- ASSIGNED TASK
The goal here is an exact copy of the entries below, without their pictures.

Records from a dataset:
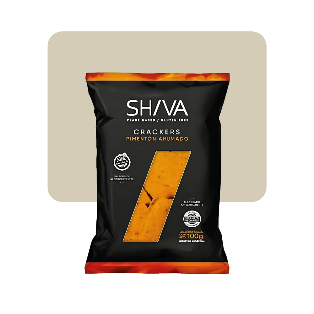 Ingredientes: Harina de arroz integral, fécula de mandioca, aceite de coco, pimentón ahumado, lino dorado, sal rosada del himalaya, ajo en polvo, chimichurri.
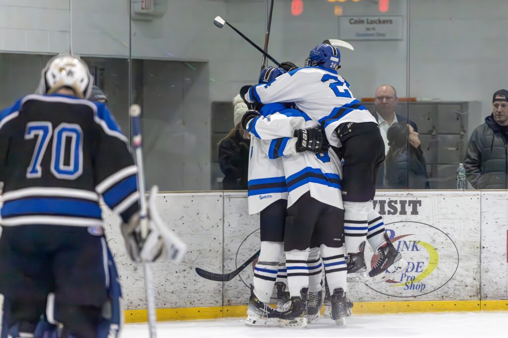 The Titans celebrate one of their goals. Hall Titans vs. Terriers boys hockey. Feb. 9, 2026. Photo credit: Scott Sulkazi
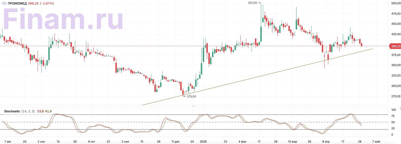 На дневном графике акций компании «Промомед» выстраивается среднесрочный восходящий тренд, при этом отсутствуют признаки технического перегрева или сигналы о развороте.
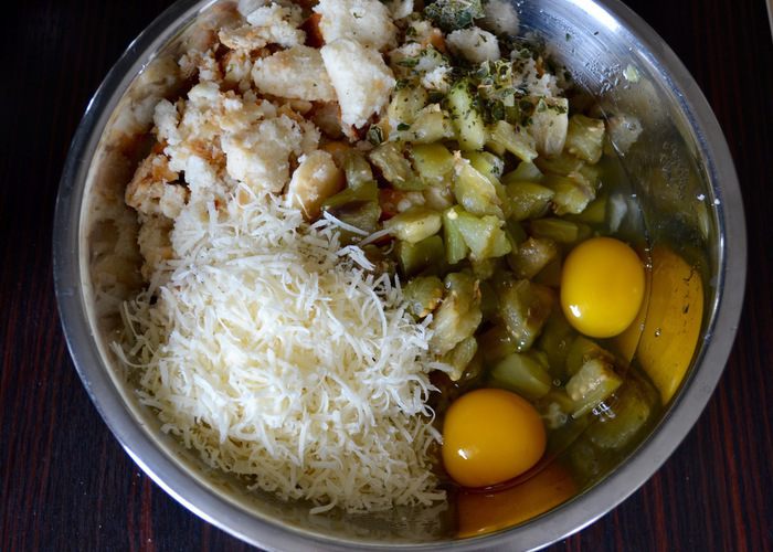 Выложить в миску баклажаны, тертый сыр пармезан (или грана), замоченный предварительно в воде хлеб (лучше всего домашний!) и базилик. Посолить по вкусу! Перемешать тщательно все ингредиенты!
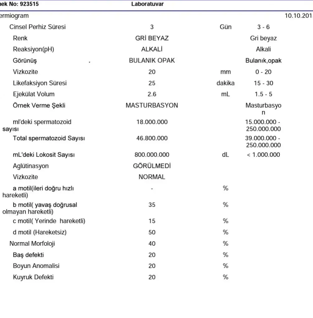 Bende tam simdi paylasacaktim canim, dr bisi demedi yorum yapmadi simdilik,3 ay kullan sonuclarina gore tekrar konusuruz demisticanım eşinin değerlerini yazar mısın? Sayısı ve morfolojisi kaç?
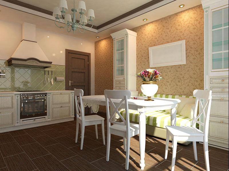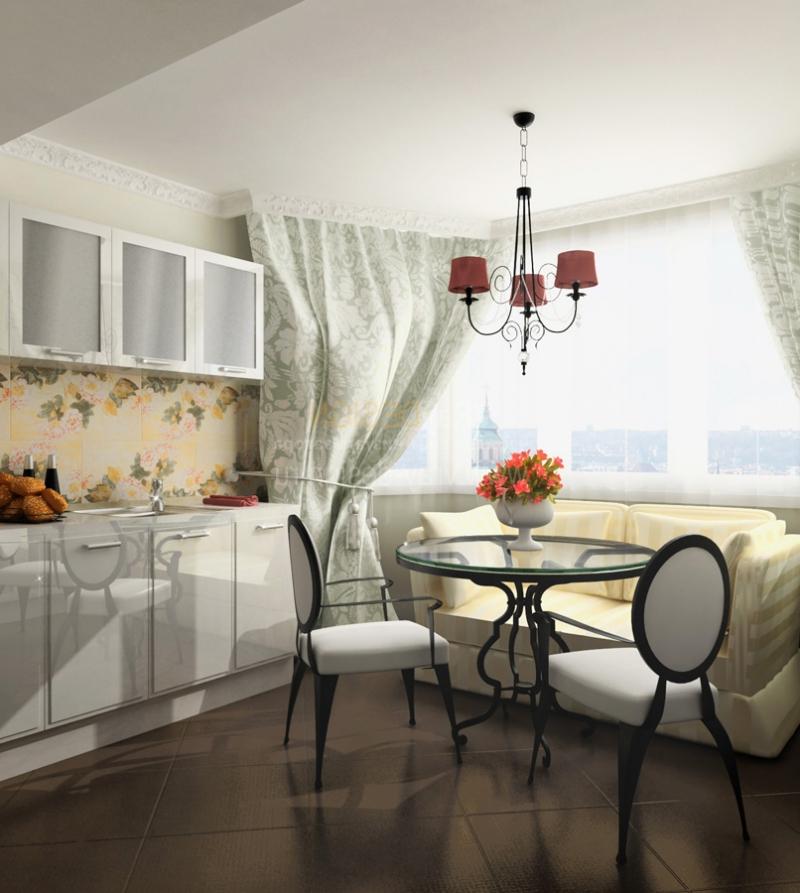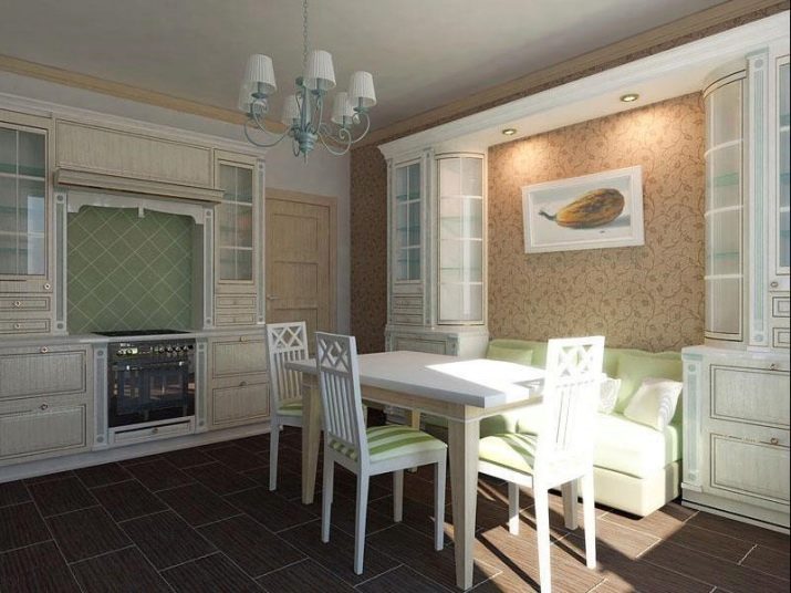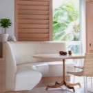 The classic kitchen will suit a rounded sofa with a monochromatic beige upholstery or vice versa, with a printed pastel color and a floral print, cheerful polka dots or a square.

- RESPONSE
 Ingredientes: Harina de arroz integral, fécula de mandioca, aceite de coco, pimentón ahumado, lino dorado, sal rosada del himalaya, ajo en polvo, chimichurri.
 The Titans celebrate one of their goals. Hall Titans vs. Terriers boys hockey. Feb. 9, 2026. Photo credit: Scott Sulkazi
 На дневном графике акций компании «Промомед» выстраивается среднесрочный восходящий тренд, при этом отсутствуют признаки технического перегрева или сигналы о развороте.
 Выложить в миску баклажаны, тертый сыр пармезан (или грана), замоченный предварительно в воде хлеб (лучше всего домашний!) и базилик. Посолить по вкусу! Перемешать тщательно все ингредиенты!
 Bende tam simdi paylasacaktim canim, dr bisi demedi yorum yapmadi simdilik,3 ay kullan sonuclarina gore tekrar konusuruz demisticanım eşinin değerlerini yazar mısın? Sayısı ve morfolojisi kaç?
 The classic kitchen will suit a rounded sofa with a monochromatic beige upholstery or vice versa, with a printed pastel color and a floral print, cheerful polka dots or a square.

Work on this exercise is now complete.